Exercise brief: Range to copy from the entries below: the line containing "Carry your love" through the line containing "In this printable", inclusive. Retype only those lines, exactly, without any images.

Data section:
***
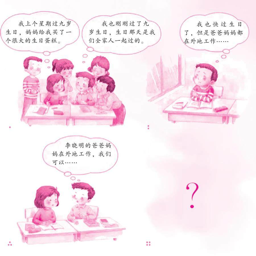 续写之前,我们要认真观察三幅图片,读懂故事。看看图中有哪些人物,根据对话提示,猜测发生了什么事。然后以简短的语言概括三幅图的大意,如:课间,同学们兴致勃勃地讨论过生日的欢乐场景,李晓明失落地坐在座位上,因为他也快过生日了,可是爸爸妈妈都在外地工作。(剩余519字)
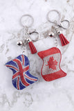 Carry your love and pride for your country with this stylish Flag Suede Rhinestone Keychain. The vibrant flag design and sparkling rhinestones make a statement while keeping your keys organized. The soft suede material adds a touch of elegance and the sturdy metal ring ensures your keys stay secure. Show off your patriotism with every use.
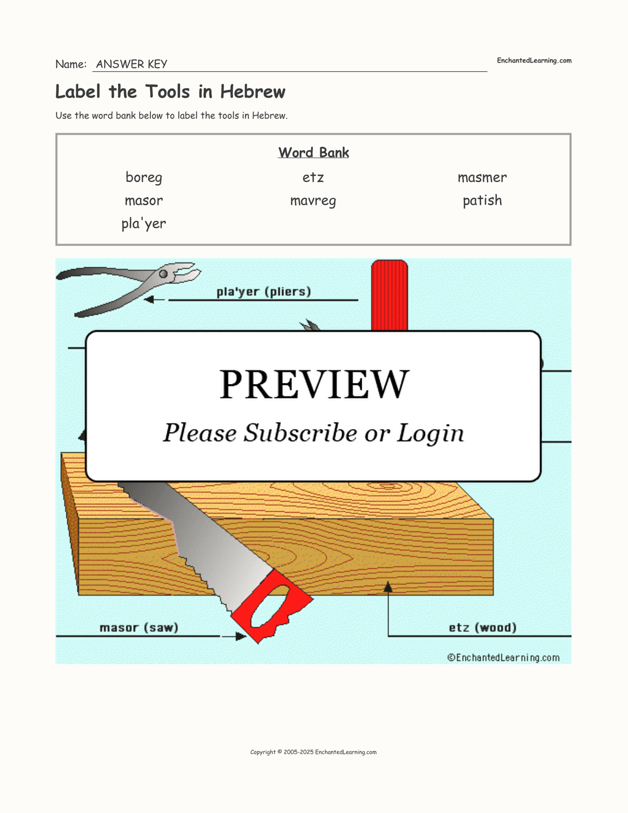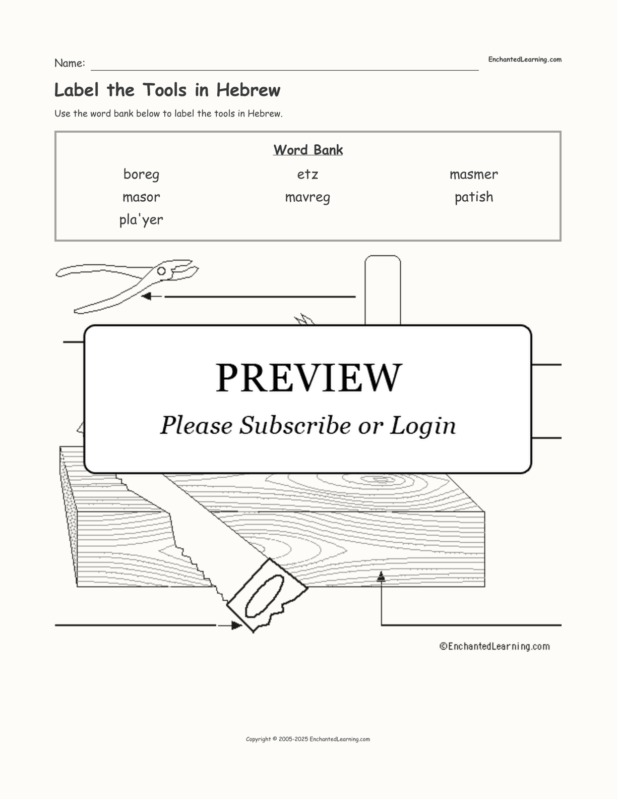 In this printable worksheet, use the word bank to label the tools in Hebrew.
***
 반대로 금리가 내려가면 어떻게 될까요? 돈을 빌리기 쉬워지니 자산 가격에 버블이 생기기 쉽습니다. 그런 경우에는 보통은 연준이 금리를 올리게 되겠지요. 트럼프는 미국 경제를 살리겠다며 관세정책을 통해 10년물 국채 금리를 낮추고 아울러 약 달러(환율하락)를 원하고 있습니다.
***
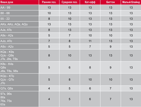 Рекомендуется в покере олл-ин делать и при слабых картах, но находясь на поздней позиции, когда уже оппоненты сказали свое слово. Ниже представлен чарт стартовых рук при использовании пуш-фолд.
***
Answer to the exercise:
 Carry your love and pride for your country with this stylish Flag Suede Rhinestone Keychain. The vibrant flag design and sparkling rhinestones make a statement while keeping your keys organized. The soft suede material adds a touch of elegance and the sturdy metal ring ensures your keys stay secure. Show off your patriotism with every use.
 In this printable worksheet, use the word bank to label the tools in Hebrew.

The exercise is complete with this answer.